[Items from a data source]
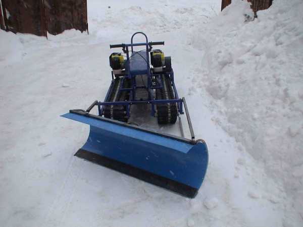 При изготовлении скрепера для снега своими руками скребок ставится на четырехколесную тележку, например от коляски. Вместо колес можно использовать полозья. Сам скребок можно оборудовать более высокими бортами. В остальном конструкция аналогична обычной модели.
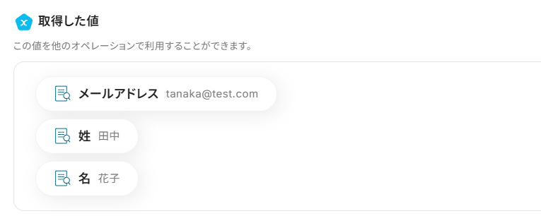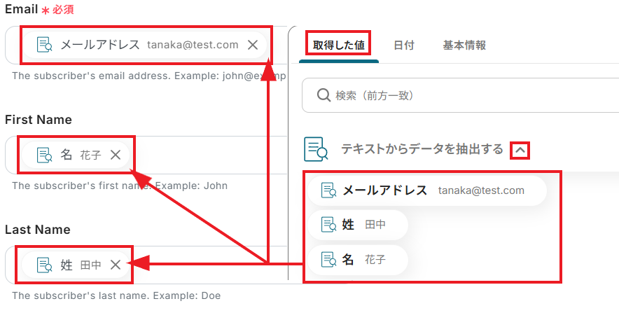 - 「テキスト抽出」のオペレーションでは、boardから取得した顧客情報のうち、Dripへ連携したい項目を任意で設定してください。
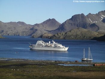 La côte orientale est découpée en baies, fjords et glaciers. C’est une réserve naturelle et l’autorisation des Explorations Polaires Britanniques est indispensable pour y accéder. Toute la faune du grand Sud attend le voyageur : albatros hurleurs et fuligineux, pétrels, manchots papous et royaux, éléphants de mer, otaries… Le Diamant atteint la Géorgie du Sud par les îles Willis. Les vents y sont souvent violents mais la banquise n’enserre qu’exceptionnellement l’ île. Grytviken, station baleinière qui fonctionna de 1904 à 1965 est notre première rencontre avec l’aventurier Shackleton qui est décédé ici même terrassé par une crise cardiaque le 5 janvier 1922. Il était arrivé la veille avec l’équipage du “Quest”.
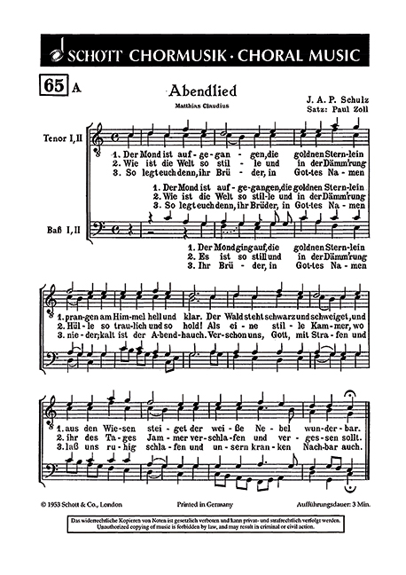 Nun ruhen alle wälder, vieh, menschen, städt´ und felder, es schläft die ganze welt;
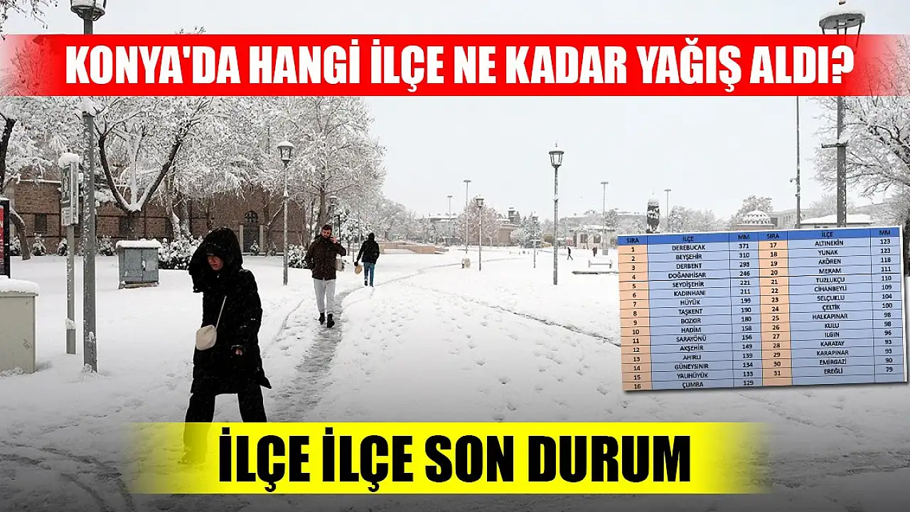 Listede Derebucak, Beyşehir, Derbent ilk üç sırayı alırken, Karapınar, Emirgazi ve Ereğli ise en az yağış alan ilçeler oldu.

- **Activity**
Could you set down, exactly as written, every line from the one with "Nun ruhen alle" to the end of the data, both ends included? Leave out the pictures.

- **Solution**
 Nun ruhen alle wälder, vieh, menschen, städt´ und felder, es schläft die ganze welt;
 Listede Derebucak, Beyşehir, Derbent ilk üç sırayı alırken, Karapınar, Emirgazi ve Ereğli ise en az yağış alan ilçeler oldu.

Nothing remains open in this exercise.